For bandwidth modulation, a Nichia NDU4116, 375-nm laser diode (LD) mounted on a thermoelectric cooler integrated laser mount (Thorlabs, LDM56F/M) is used as the transmitter. The LD is then connected to the output channel of an electronic-calibrated (electronic calibration module: Agilent, 85093-60010) vector network analyzer (VNA) (Agilent, E5061B) for small-signal modulation. The direct current (DC) to the LD is set to 70 mA and the input channel of the VNA is connected to the avalanche photodiode (APD) (Thorlabs, APD430A2/M). For frequency response measurements using a 278-nm UVC LED (from LG Innotek), the APD and peripheral components were replaced by a photomultiplier tube (PMT) (Thorlabs, PMTSS) and corresponding peripherals. For the data rate measurement, the same 375-nm Nichia NDU4116 LD setup was connected to the bit-error-ratio tester (BERT) transmitter (Anritsu, ME522A), with a superimposed alternating current (AC) amplitude set to 3 V (peak to peak). On the receiver side, the modulated signal after the down-conversion process is received by the APD and connected to the BERT receiver through a linear amplifier (Tektronix, PSPL5865), which is not shown in the figure for clarity. The eye diagrams were captured using a digital communication analyzer (Agilent, 86100C Infinium DCA-J Wideband Oscilloscope).

3. Results and discussion

The micro- and nano-structures of the giant clam based iridocytes were characterized using optical and electron microscopy as shown in Fig. 1(a–e). Figure 1(d) shows, consistent with previous reports [18], a nearly spherical shape with a diameter of approximately 7 µm within which the alternating layers are evident. Figure 1(e) reveals their detailed structure with the highly regular platelets (variable lengths and width of ∼50 nm) separated by a center-to-center distance normal to the layers ∼150 nm. The intervening low refractive-index layers are significantly less ordered. Study suggests the platelets are formed by deposition of the proteinaceous material laid on cisternae [19,46]. The exact chemical composition of this material will be a subject of further investigation. It is this Bragg-mirror-like alternation of high- and low-refractive-index layers that allows the iridocytes to reflect harmful radiation [18,43]. The scattering of PAR deeper into and laterally within the mantle to benefit the symbiont algae will also depend on the lateral structure (normal to the plane of the TEM images) and the orientation of the iridocyte cells relative to the incident radiation direction. In the following, the PL characteristics of iridocytes are investigated, a topic that has not received much attention in the literature other than in the context of the red PL that many reef fish emit [47].

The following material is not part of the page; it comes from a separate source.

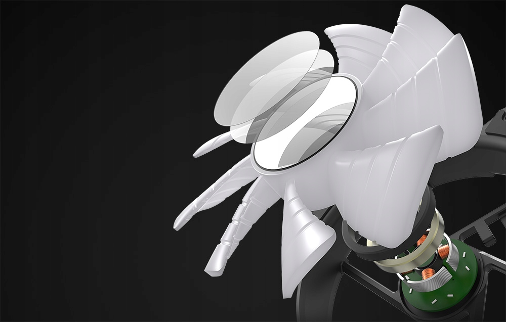 вітряки були розроблені з увагою до кожної деталі. Підшипники високої класу розрізняють термін служби до 30 000 годин. До 9 лез з плавною поверхнею забезпечують надійне охолодження, а гумові ущільнювачі зменшують вібрації і змушують вентилятори працювати спокійно.

Fig. 1. Optical and electron microscopy images: (a) Photo of T. maxima specimen with blue mantle coloration (the red rectangle region on the mantle shows the region from which tissue was clipped); (b) Clipped T. maxima tissue ∼ 1×1 cm² area; (c) 100× optical image of clusters of iridocytes observed using a Nikon microscope equipped with a LU Plan extralong working distance objective; (d) TEM image of a single iridocyte cell; (e) TEM image of the highlighted region in (d) showing layered proteinaceous nanostructures in a single iridocyte cell.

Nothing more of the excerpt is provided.